AD-TECH's Model CMU Cortical Mapping Unit has similar intended uses, materials and technological characteristics as the predicate device. There are only three differences of note:
(1) Our electrode plates are made of clear Lexan plastic while theirs are stainless steel. We maintain that the clear plates are a marketing feature.
(2) Our electrodes are made of stainless steel; theirs use cotton wicks.
(3) Our device is sterilized via EtO: theirs may be autoclaved.

This 510(k) summary describes a device called the "Model CMU Cortical Mapping Unit" and compares it to a predicate device, the "Model CE-1 Cortical Electrode" (Grass Instruments). The summary explicitly states that the new device is an "enhanced version of a pre-amendment device" and has "similar intended uses, materials and technological characteristics as the predicate device." Crucially, it then states: "None of these difference are material to the safety & effectiveness of the device."

The document does not include a study with acceptance criteria and reported device performance in the traditional sense for demonstrating a new algorithm's efficacy. Instead, it relies on demonstrating substantial equivalence to a legally marketed pre-amendment device. Therefore, many of the requested fields about study design and performance metrics are not applicable in this context.

Here's a breakdown based on the provided text:

1. Table of Acceptance Criteria and Reported Device Performance

Not applicable. This submission hinges on demonstrating substantial equivalence to a predicate device, not on meeting specific, quantified performance acceptance criteria through a new study. The "performance" is implicitly deemed equivalent to the predicate device.

2. Sample Size Used for the Test Set and Data Provenance

Not applicable. No new performance study on a test set (with a specific sample size) was conducted or reported.

3. Number of Experts Used to Establish the Ground Truth for the Test Set and Qualifications of Those Experts

Not applicable. No new test set with ground truth established by experts was used.

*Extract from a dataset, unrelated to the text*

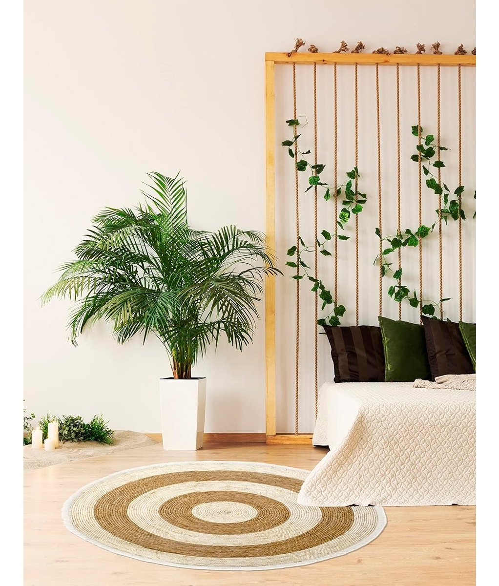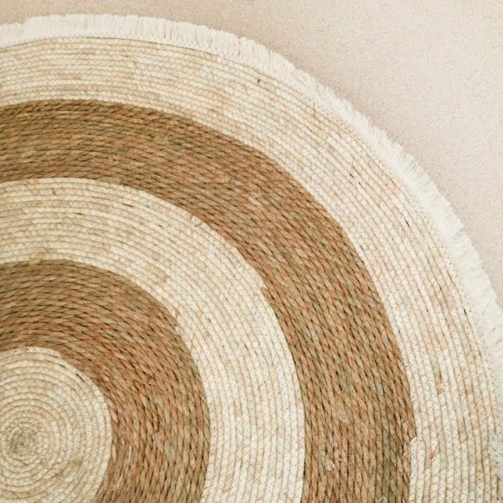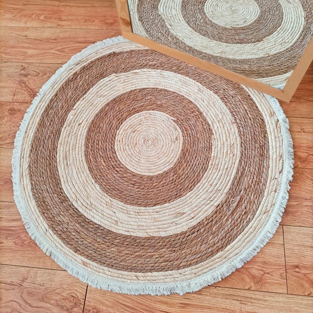 Alfombra Yute Redonda 1m Con Flecos Estilo Natural Eco Seagrass

4. Adjudication Method for the Test Set

Not applicable.

5. If a Multi-Reader Multi-Case (MRMC) Comparative Effectiveness Study was done, If so, what was the effect size of how much human readers improve with AI vs without AI assistance

Not applicable. This device is not an AI-assisted diagnostic tool and no MRMC study was conducted.

6. If a Standalone (i.e., algorithm only without human-in-the-loop performance) was done

Not applicable. This device is a hardware unit for recording EEG potentials, not an algorithm.

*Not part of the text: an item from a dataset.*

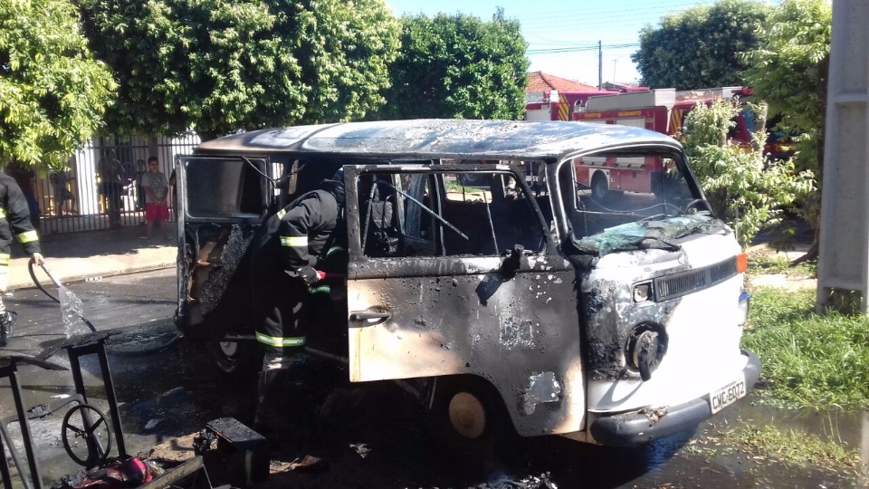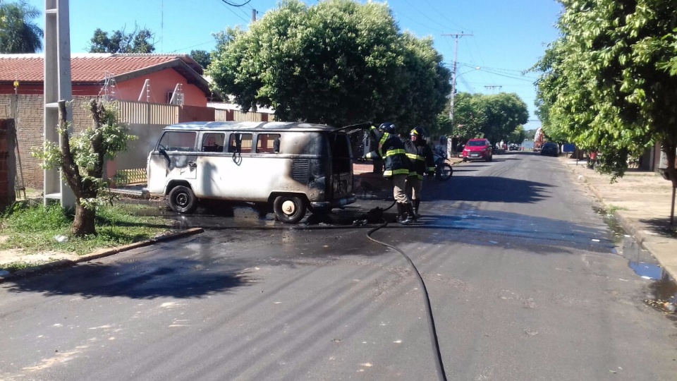 Uma Perua Kombi pegou fogo, na manhã de hoje (14), enquanto estava estacionada na rua José Goulart Correa, no bairro Interlagos, em Três Lagoas.

7. The type of ground truth used (expert consensus, pathology, outcomes data, etc.)

Not applicable. The basis for approval is substantial equivalence to a pre-amendment device, not a new ground truth study.

8. The sample size for the training set

Not applicable. This device is a hardware unit, not an AI/ML algorithm requiring a training set.

9. How the ground truth for the training set was established

Not applicable.

Summary of Device Equivalence (as detailed in the 510(k) Summary):

The submission argues for substantial equivalence based on the following:

Key Takeaway from the FDA Letter:

The FDA's letter (K992194) confirms their agreement with AD-TECH's assessment of substantial equivalence to the predicate device. It states, "We have reviewed your Section 510(k) notification... and we have determined the device is substantially equivalent... You may, therefore, market the device, subject to the general controls provisions of the Act." This indicates that the regulatory pathway chosen (510(k)) relies on demonstrating similarity to an already approved device rather than presenting a novel performance study against defined acceptance criteria.